- Born: 9 February 1828 Warminster
- Died: 24 February 1891 (aged 63) Kensington
- Known for: CRE in Gibraltar
- Spouse: Jane
- Children: 1

= Philip Ravenhill =

Major-General Philip Ravenhill (9 February 1828 – 24 February 1891) was a Royal Engineer who rose to be their commander in Gibraltar.

==Life==
Ravenhill was born at the Manor House in Warminster in 1828, the second son of John Ravenhill and Sophia Harriet (born Ripley). John Ravenhill was the Chairman of the North Wiltshire Banking Company; he later moved to Ashton Gifford House and was High Sheriff of Wiltshire for 1870.

After receiving his commission in 1846, Ravenhill was sent to Plymouth and then to Malta where he married Jane Carter – who came from a notable Royal Navy family – on 31 March 1853 at St. Paul's Anglican Cathedral, Valletta.

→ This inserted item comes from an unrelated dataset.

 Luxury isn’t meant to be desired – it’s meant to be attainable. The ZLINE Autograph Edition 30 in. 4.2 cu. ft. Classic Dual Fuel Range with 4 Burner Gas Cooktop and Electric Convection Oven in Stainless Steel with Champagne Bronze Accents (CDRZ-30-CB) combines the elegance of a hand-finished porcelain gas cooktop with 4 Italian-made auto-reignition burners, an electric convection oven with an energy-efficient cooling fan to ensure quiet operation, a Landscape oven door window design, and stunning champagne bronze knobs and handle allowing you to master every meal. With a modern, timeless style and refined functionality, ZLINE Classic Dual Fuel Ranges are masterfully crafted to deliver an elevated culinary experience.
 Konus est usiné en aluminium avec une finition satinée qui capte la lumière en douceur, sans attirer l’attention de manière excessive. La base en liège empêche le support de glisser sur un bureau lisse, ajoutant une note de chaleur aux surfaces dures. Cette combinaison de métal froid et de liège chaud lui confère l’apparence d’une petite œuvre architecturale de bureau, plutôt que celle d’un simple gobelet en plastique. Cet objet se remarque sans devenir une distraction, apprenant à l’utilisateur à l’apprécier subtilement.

In 1854 he was at the Crimea taking part in the Battle of Alma, the Battle of Inkerman and the Siege of Sebastapol. He had to return to the UK in 1855 with a throat infection.

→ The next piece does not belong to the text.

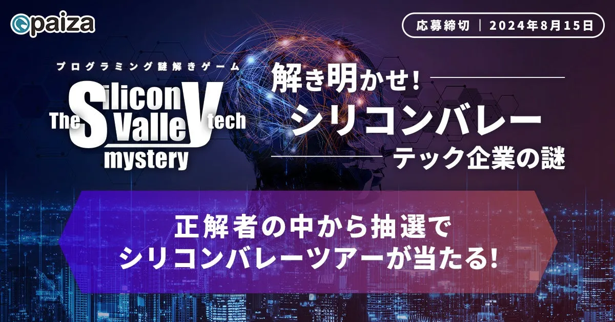 興味のある方は、paizaのウェブサイトからゲームに挑戦して、シリコンバレーの技術の謎に迫ってみてください。応募締切は2024年8月15日まで。自分のプログラミングスキルを試す良い機会であり、同時に豪華賞品を手に入れるチャンスです。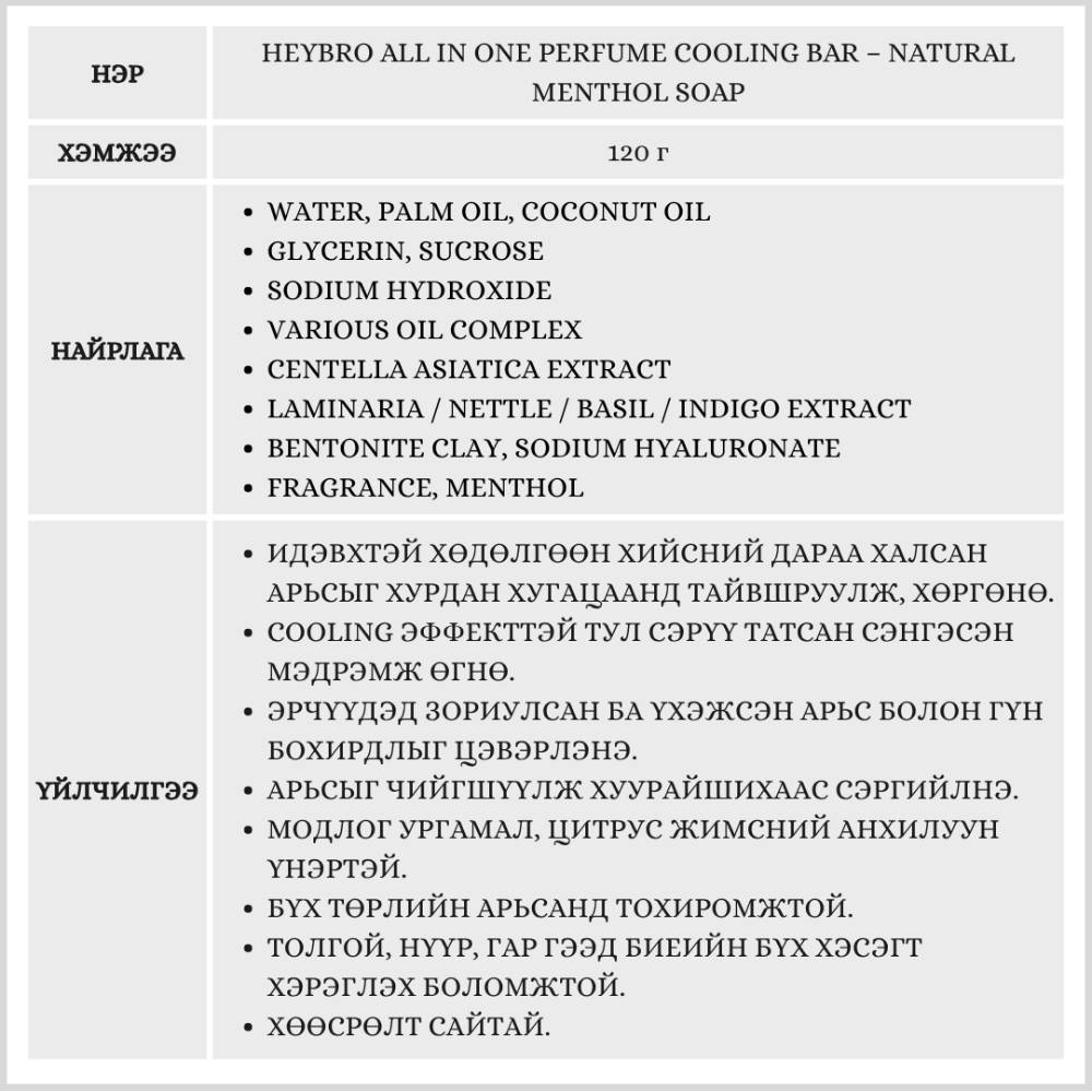 HEYBRO All in One Perfume Cooling Bar – Natural Menthol Soap, 120g

After a brief desk job, he supervised the building of the Royal Victoria Hospital, Southampton. His tasks included arranging for Queen Victoria to lay the foundation stone on 19 May 1856.

He became a colonel on the staff of the Chief Royal Engineer in Gibraltar in November 1882, commanding the Royal Engineers. He took over from Colonel Ewart. Ravenhill became an honorary major-general when he was retired at the age of 58. Feeling refreshed from 17 years of mild climate, he returned to England, where he took a leading role in charity work, chairing the Royal School for Daughters of Officers of the Army as well as a leading role with the Royal Soldiers' Daughters' School.

Ravenhill died in Kensington in 1891 after suffering from bronchitis.